Así, hemos caído en la profecía autocumplida de saber que los nuevos anclajes identitarios no pueden ser más que estaciones transitorias en el juego de la individualidad, por lo que, por más paradójico que pueda parecer, se practica la falta de compromiso como estrategia de autoafirmación, como dice Bauman, “lo que en realidad tenemos que recordar siempre es la necesidad de evitar jurar una lealtad para toda la vida a nada ni a nadie” (Bauman, 2009: 85).

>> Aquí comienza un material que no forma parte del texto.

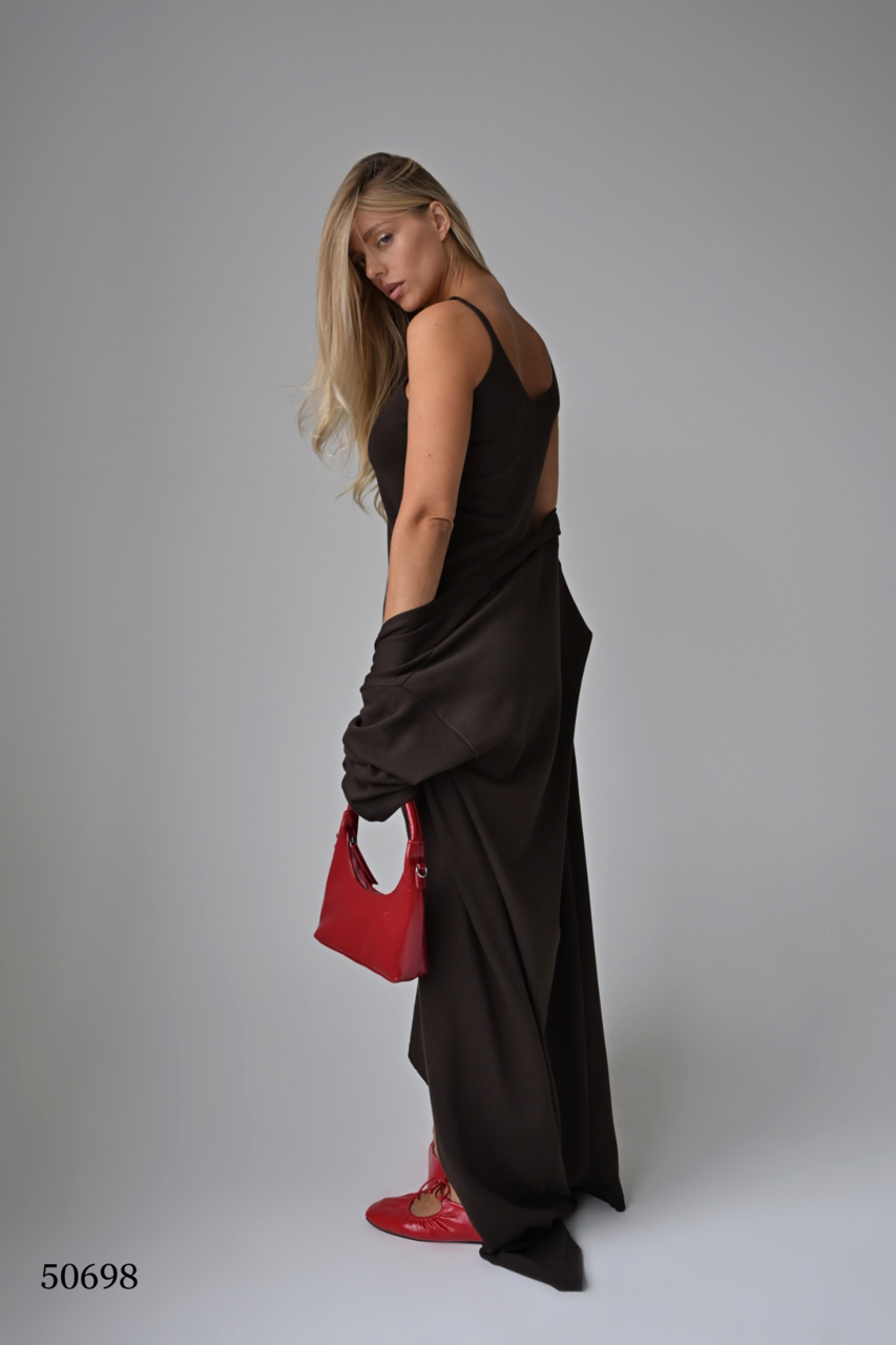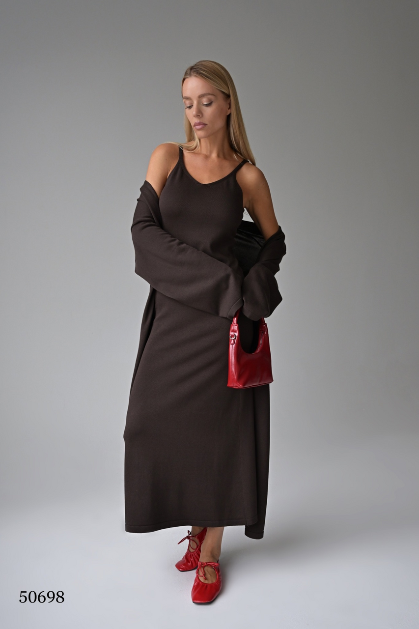 Комплект платье с кардиганом цвет коричневый размер onesize (подходит на rus 42-48) (50698)

Así, tal como venimos desarrollando a lo largo de este trabajo, los cambios en el ámbito económico-laboral, desenvuelven su correlato en otros ámbitos de la vida, por lo que esta nueva mentalidad cortoplacista y esta exacerbación del individualismo se ven reflejadas también en el ámbito de lo afectivo; así, en nuestros días, cada vez resulta más difícil procurar que las relaciones salgan adelante en las buenas y en las malasen la salud y en la enfermedad; tal como dice Bauman, “los matrimonios del tipo ‘hasta que la muerte nos separe’ están absolutamente fuera de moda y son una rareza” (Bauman, 2005c: 157). Así las cosas, la fragilidad del ámbito laboral encuentra entonces su correlato en el campo de los vínculos interpersonales; en tanto que “mientras ‘la gente de generaciones anteriores se situaba tanto en el pasado como en el futuro’ para los nuevos jóvenes contemporáneos, sólo existe el presente” (Bauman, 2009: 67). Así, ahora las relaciones amorosas, esas mismas que durante la Modernidad llegaron a ser pensadas y anheladas como pasadizo a la eternidad de los seres humanos, se han vuelto mortales, incluso los individuos las forman temporariamente, sólo para volverlas a romper.

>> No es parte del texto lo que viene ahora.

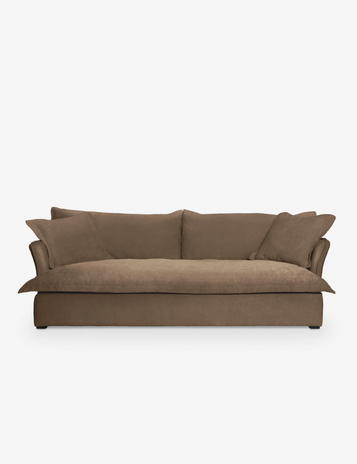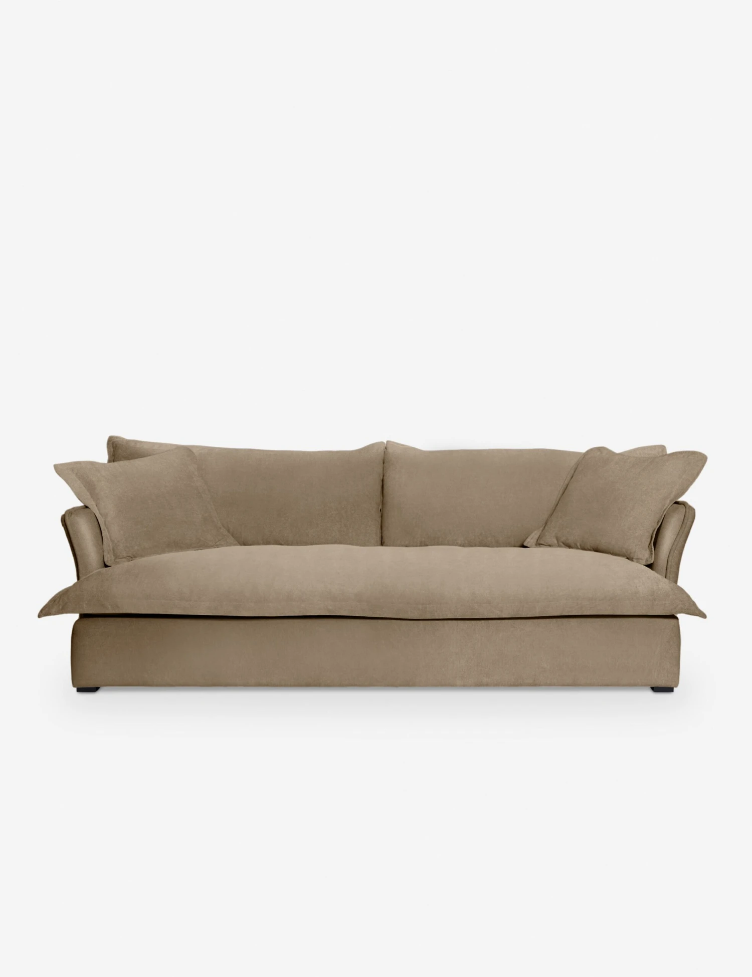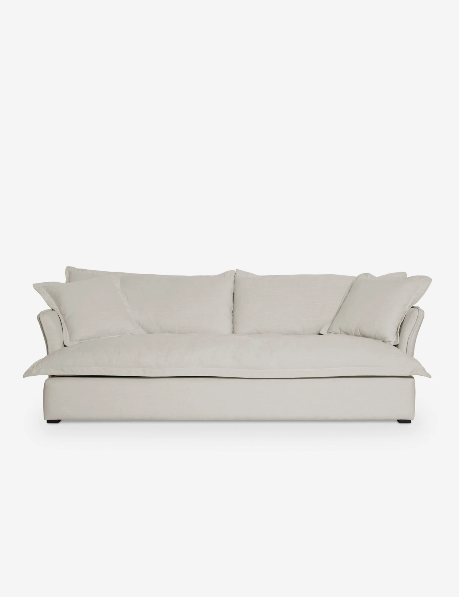 For classic styling with a modern touch, the Royal sofa is set for transitional design. The subtle curve of the couch’s arms and flange upholstery offer a relaxed look that inspires casual elegance in family room or lounge.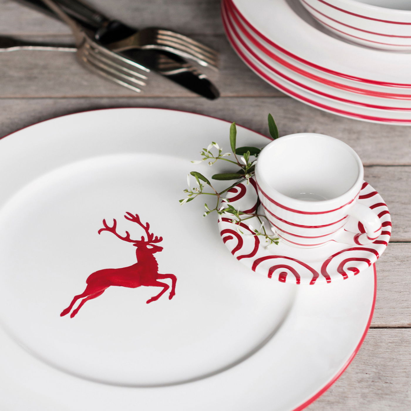Knalliges Rot trifft strahlendes Weiß: Wer es gerne farbenfroh mag, wird dieses Design lieben. Und ganz nebenbei lässt es auch noch das Herz eines jeden Österreichs höher schlagen. Jedes Stück wird von Hand gefertigt und ist ein echtes Unikat. Gmundner Keramik eignet sich zudem für die Spülmaschine und Mikrowelle.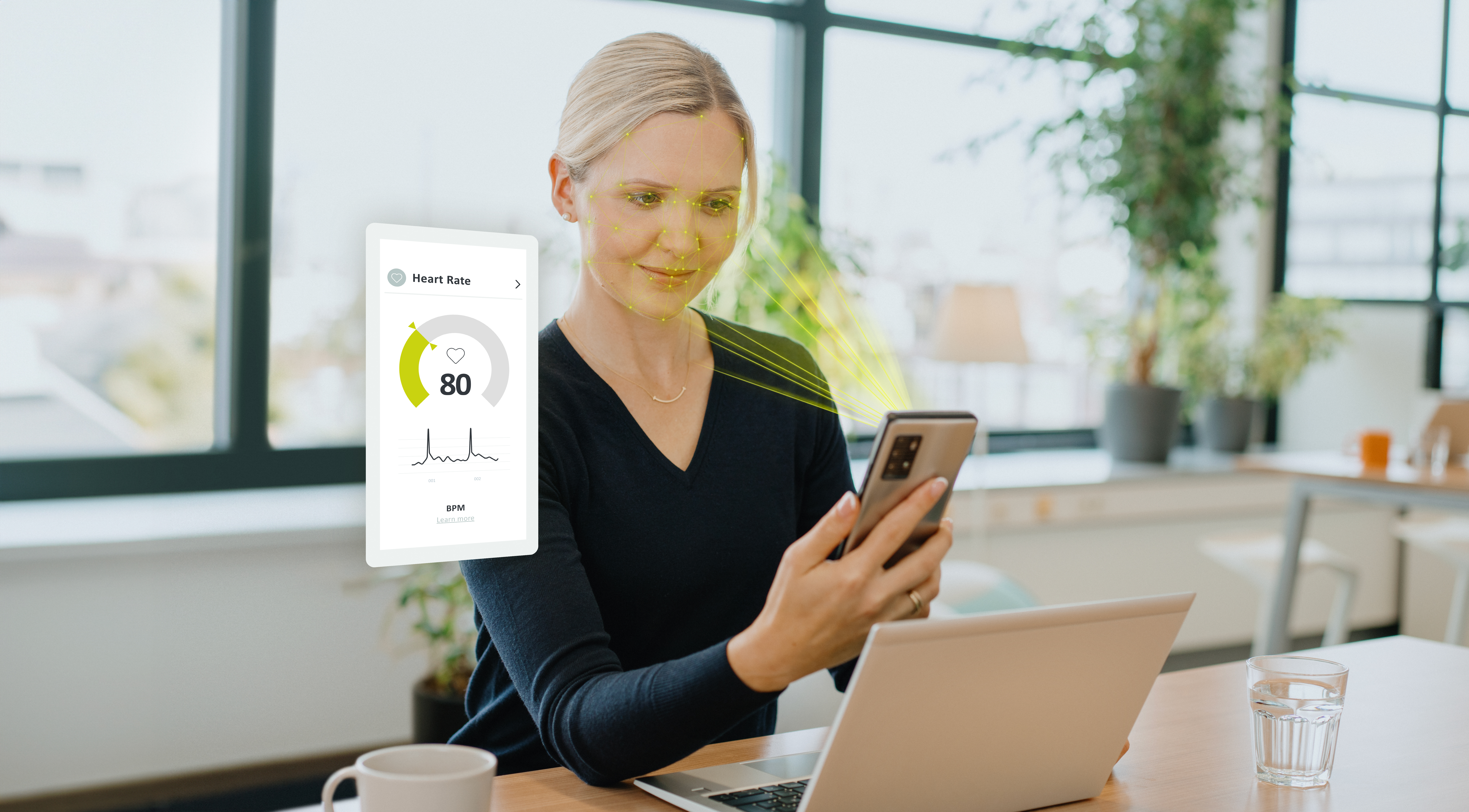 监测自己的身体并获取有关其状况的信息已经变得日益普遍。因此,这方面的要求也在增加:数据必须可靠,同时也要易于获取。借助创迈思的技术,智能手机、笔记本电脑和其他设备的用户将能够非接触式地监测自己的生命体征,并确保收到的信息经过科学验证。创迈思“光束轮廓分析”技术采用近红外辐射,不仅可以捕捉皮肤表面的参数,还可以到达皮肤下层,例如可以可靠地检测心率。

El amor posmoderno es el amor confluente del que nos habla Giddens; en el que “cuanto más retrocede el valor del hallazgo de una ‘persona especial’, más cuenta la ‘relación especial’” (Giddens, 1995: 63). Justamente porque las personas ya no se atestiguan ni a sí mismas ni a los otros como sujetos acabados, terminados, sino que siempre en tanto proyectos en curso, por lo que la relación comienza a tomar preponderancia frente a la persona.